In this context, daytime sleeping in the form of naps may increase6,7. Napping is a cross-cultural phenomenon for which its prevalence ranges between different countries from 36% to 80%8. Napping may be a response to or in preparation to sleep loss. It is also considered as a countermeasure to sleepiness in shift workers or people with other sleep disorders. Usually, it is associated with improvements in alertness, mood and performance9. In addition, napping could be part of the cultural and societal factors that also shape individual’s sleep. Illustrative of this are the siesta cultures, often seen in equatorial climates where post-prandial naps are common. Other cultural differences that may be related to this habit include the well-described disparities between southern and northern European countries in terms of meal timing and, consequently, bed timing10.

However, we have not found studies that reported daytime sleeping during over-wintering missions in Antarctica stations nor its possible role in the modulation of alertness variations.
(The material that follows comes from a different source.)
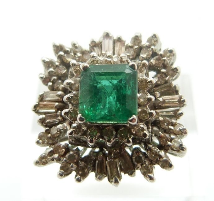 An 18ct white gold ring set with a square cut emerald of approximately 1ct surrounded by baguette and round cut diamonds, size L, 10.52g

Belgrano II Argentine Antarctic station is at a similar distance from the pole to other stations where behavioral studies are often performed, such as Halley VI (United Kingdom) and Concordia (France – Italy), sharing with these stations similar photo-periodicities11,12,13. Siesta is socially acceptable and encouraged in many parts of Argentina, and this is perhaps better reflected by the extent to which it is common in many settings to have a long break after lunch, compatible with siesta practice14,15. The work schedule (and routine) for Belgrano II station is not an exception to common Argentine sleep practices, and crewmembers have a 90-minute break after lunch, that individuals can choose to use for a siesta. Therefore, this Antarctic station provides a new and different scenario and an excellent model to study sleep health and sleep patterns in the context of an extreme environment.
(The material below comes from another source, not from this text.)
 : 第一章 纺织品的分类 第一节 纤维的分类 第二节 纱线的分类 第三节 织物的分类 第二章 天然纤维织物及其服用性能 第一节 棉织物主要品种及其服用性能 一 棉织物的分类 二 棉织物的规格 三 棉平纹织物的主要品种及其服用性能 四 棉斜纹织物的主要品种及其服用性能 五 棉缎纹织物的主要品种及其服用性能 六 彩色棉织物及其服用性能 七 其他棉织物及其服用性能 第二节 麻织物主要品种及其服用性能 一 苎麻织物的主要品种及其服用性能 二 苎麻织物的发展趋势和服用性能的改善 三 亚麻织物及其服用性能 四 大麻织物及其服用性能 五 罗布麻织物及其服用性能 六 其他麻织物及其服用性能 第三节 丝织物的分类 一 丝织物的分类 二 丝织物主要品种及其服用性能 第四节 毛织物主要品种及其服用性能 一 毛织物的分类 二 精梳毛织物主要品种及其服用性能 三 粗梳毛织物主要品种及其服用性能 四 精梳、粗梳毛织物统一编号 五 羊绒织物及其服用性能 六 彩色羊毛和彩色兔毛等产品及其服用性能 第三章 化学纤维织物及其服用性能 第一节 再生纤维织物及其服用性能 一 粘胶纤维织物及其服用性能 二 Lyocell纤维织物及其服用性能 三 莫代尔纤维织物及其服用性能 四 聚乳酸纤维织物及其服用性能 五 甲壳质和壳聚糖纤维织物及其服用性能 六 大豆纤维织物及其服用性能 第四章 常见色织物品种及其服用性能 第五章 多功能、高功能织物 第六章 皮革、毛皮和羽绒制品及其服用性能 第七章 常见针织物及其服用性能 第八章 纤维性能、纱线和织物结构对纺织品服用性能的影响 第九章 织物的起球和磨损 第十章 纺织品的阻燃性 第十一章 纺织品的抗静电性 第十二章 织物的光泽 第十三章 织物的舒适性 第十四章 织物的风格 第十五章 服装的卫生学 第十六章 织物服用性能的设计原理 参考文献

There are relevant reasons why studying sleep patterns in different cultures in these settings are important. First, in the context of space exploration, Antarctica is often seen as one of the best space analogues to study human adaptation to confinement and to a hostile environment16. For example, this has specific relevance for the design of a future manned spaceflight to Mars. Testing different sleep patterns in these contexts may help identified protective sleep practices from a health and human performance standpoint. Second, as higher latitudes become more habitable due to global warming, understanding how different cultures adapt to extreme photoperiods and environments may help to identify strategies to mitigate the effect of an adverse environment and facilitate successful human adaptation. Third, it may help elucidate the extent to which sleep practices are dictated by the environment versus the society. Existing data on Antarctic sleep patterns has focused primarily in individuals from non-siesta cultures. Finally, extreme environments and specifically extreme photoperiods, might provide a mechanistic insight into pathophysiological processes associated with sleep disruptions. This could be relevant in the search of early circadian biomarkers of disorders like mild cognitive impairment and Alzheimer’s disease17,18,19.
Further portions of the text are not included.